13 August 2014

Another diary post: migging 13th

Another cool but glorious morning, soon we'll be getting early mists and they are good, for when the sun breaks through birds appear on tops of bushes to fluff off the morning dew - even the really skulky ones. Today though the breeze was still a bit too stiff to encourage anything to show in the exposed brooms. After a cursory look at the bushes in Long Wood (4 Lesser Whitethroat), I headed, armed with a coffee, down to the Alex to find me a Whinchat. The burnt areas were still stubbornly resisting being interesting; a couple of Magpie and a feral pigeon and later 3 Dunnocks mocking my prediction of migrant action. The Whinchat was a no show as well, but one or two Lesser Whitethroat, about 6 Commons, a Willow Warbler in the copse on the south side of the pub scrub, and 2 low flying Mipit promised a bit more birdy action than of late.

While trying to pin a sub-song in the brambles a dark-grey-backed bird with long wings skitted over the tops of the elder. Flycatcher or warbler? The views were brief and inconclusive as was my next view of the bird, from further off as it headed for the line of birch on the west side of the Alex scrub.  I followed.  A good few birds were racing through the gaps in the bushes, but no luck with the "interesting" one. I texted it out to the group, not that anyone has the time to stare at bushes for hours on the off-chance: "pigeon" suggested a helpful colleague...
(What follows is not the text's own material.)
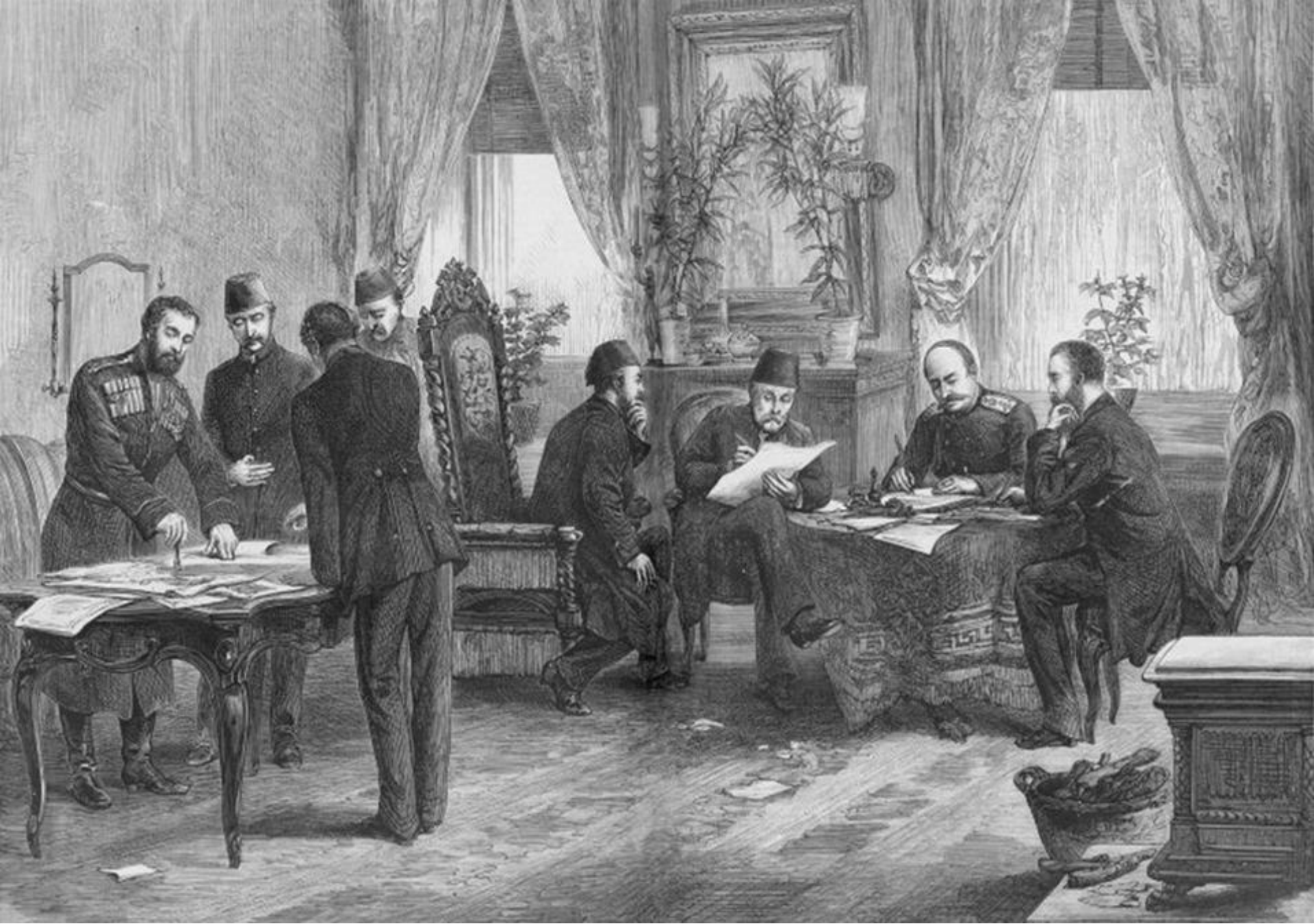
Semnarea Tratatului de pace de la San Stefano (Bulgaria, februarie 1878)

I stayed in the Alex scrub longer than I had intended to as I felt like doing the complete circuit this morning, but that's what Sunday's are for.
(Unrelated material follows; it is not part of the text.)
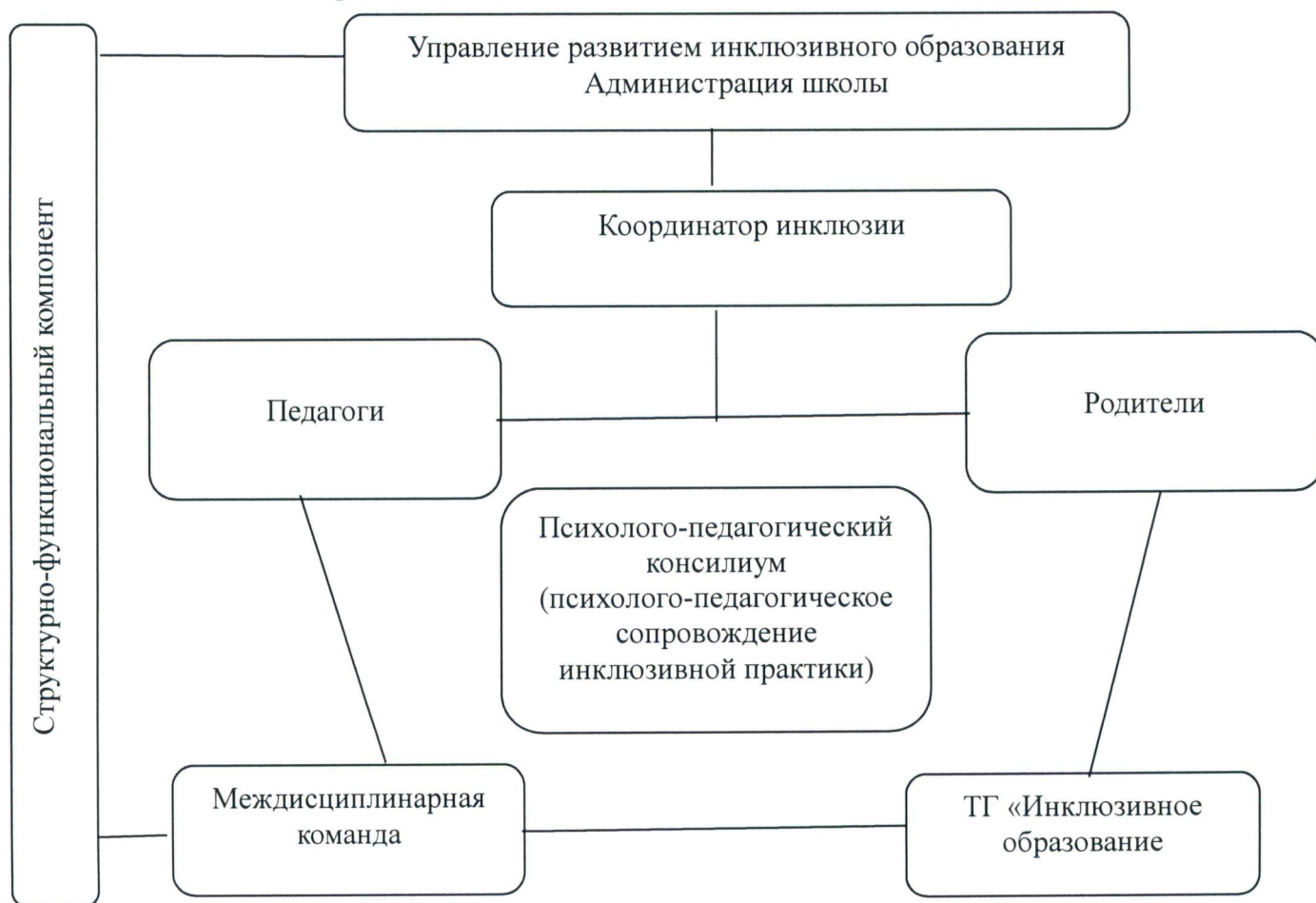
Рис. 1 – Структурно-функциональный компонент Модели инклюзивного образования МБОУ СШ № 17

Цель деятельности ППк - создание оптимальных условий обучения, развития, социализации и адаптации обучающихся посредством психолого-педагогического сопровождения.

2011 went a little something like this: Wheatear back on the 5th, a Spotted Flycatcher in the old sewage works on the 10th, Whinchat by the 15th, and a stonking day on the 19th pulled in Common Redstart and a flyover Kittiwake at the Shoulder of Mutton.  Pied Flycatchers started appearing on the 21st and Stu pitched in with the first Sedge Warbler of the year and a possible Grasshopper Warbler on the 23rd (one finally giving itself up on the flats a few days later).  Three Tree Pipit on the 24th and a small passage of Arctic Tern on the 26th, it was however Alexandra Park's turn for custody of the Wryneck.